Plants Affecting the Digestive System (Part I)

Table of Contents

Part I: Excessive Salivation

Part II: Gastrointestinal Impaction and Obstruction Caused by Plants

Part III: Vomiting

Part IV: Nightshades

Part V: Diarrhea

Part VI: Lectins

Part VII: Rhododendron Grayanotoxins

Alphabetic Plant List

Glossary

Numerous toxic plants cause digestive problems in animals either through direct effects of the plant on the gastrointestinal system or indirectly by affecting other organs with a secondary effect on the digestive system. In this chapter, only plants that have a direct effect on the digestive system will be discussed. Excessive salivation, abdominal pain (colic), impactions of the stomach or intestines, bloat, constipation, and diarrhea are all signs that can be attributed to plants affecting the digestive system.

Part I: Excessive Salivation

Excessive salivation, characterized by drooling or frothy saliva around the lips, may be caused by a variety of things including chemical irritants fungal toxins, virus and bacterial diseases affecting the mouth, teeth problems, choking caused by esophageal obstruction, and various toxic or injurious plants. Grazing animals that eat sharp grass awns, spiny plants such as the prickly pear cactus (Opuntia spp.) (Fig. 3-1A), or those with burs such as burdock (Arctium minus) (Fig. 3-1B) and cocklebur (Xanthium spp.) (Fig. 3-1C) may injure the oral mucosa.
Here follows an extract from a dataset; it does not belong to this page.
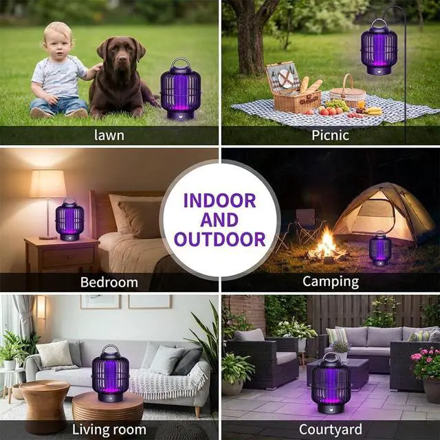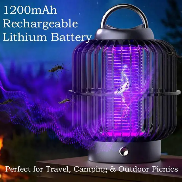 A: Our rechargeable bug zapper is built with a 1200mAh battery, which delivers up to 8 hours of continuous cordless operation after a full charge. It comes with a universal 5V USB charging cable, so you can easily recharge it via a laptop, power bank, car charger, or any standard USB-compatible power source, no bulky AC adapter required.

Some common grasses such as foxtail barley (Fig. 3-2A), bristle grass (Fig. 3-2B) and sandbur (Fig. 3-2C) have seeds with sharp awns that can become embedded in the tongue and gums of animals eating them. Initially excessive salivation may be noticed, but in time the grass awns or spines that are imbedded in the mucosae create large ulcers. The awns are not easily visible in the ulcers because they become embedded in the granulation tissue filling the ulcer. It is not uncommon for some sharp grass awns to penetrate the skin of animals, migrate through the tissues, and act as a foreign body causing abscesses and draining wounds far from the site of penetration [1]. Grasses with sharp awns that commonly become embedded in the mouth, ears, and skin of animals are included in Table 3-1.

Figure 3-1A. Prickly pear (Opuntia spp.).

Profuse salivation has been observed in horses and other livestock eating clover or alfalfa pasture or hay that is infected with the fungus Rhizoctonia leguminicola. The mycotoxin responsible for the "slobbering" that animals exhibit has been identified as slaframine, an indolizidine alkaloid produced most commonly by the fungus R. leguminicola growing on red clover [2,3]. Slaframine is chemically similar to the alkaloid swainsonine produced by plants of the genera Astragalus and Oxytropis that are responsible for causing locoism. Under wet or humid conditions the fungus grows on the leaves producing black or brown spotting. After they eat the fungus-infected clover for several days, horses begin to salivate excessively and lose weight; pregnant mares may abort if they continue to consume the infected clover. Recovery occurs rapidly once horses are removed from the infected hay. Problem pastures can be used for animals if they are mowed, the affected hay is removed, and the regrowth has no brown spotting on the leaves.

Figure 3-1B. Burdock (Arctium minus).

Figure 3-1C. Cocklebur (Xanthium strumarium).

Miscellaneous plants cause irritation to the mouth of animals through the action of oxalate crystals present in the plants leaves and stems. The oxalate crystals become embedded in the mucous membranes of the mouth causing severe inflammation and swelling, excessive salivation, and difficulty in swallowing. In addition the soluble oxalates in the plants can induce kidney failure (see Chapter 7).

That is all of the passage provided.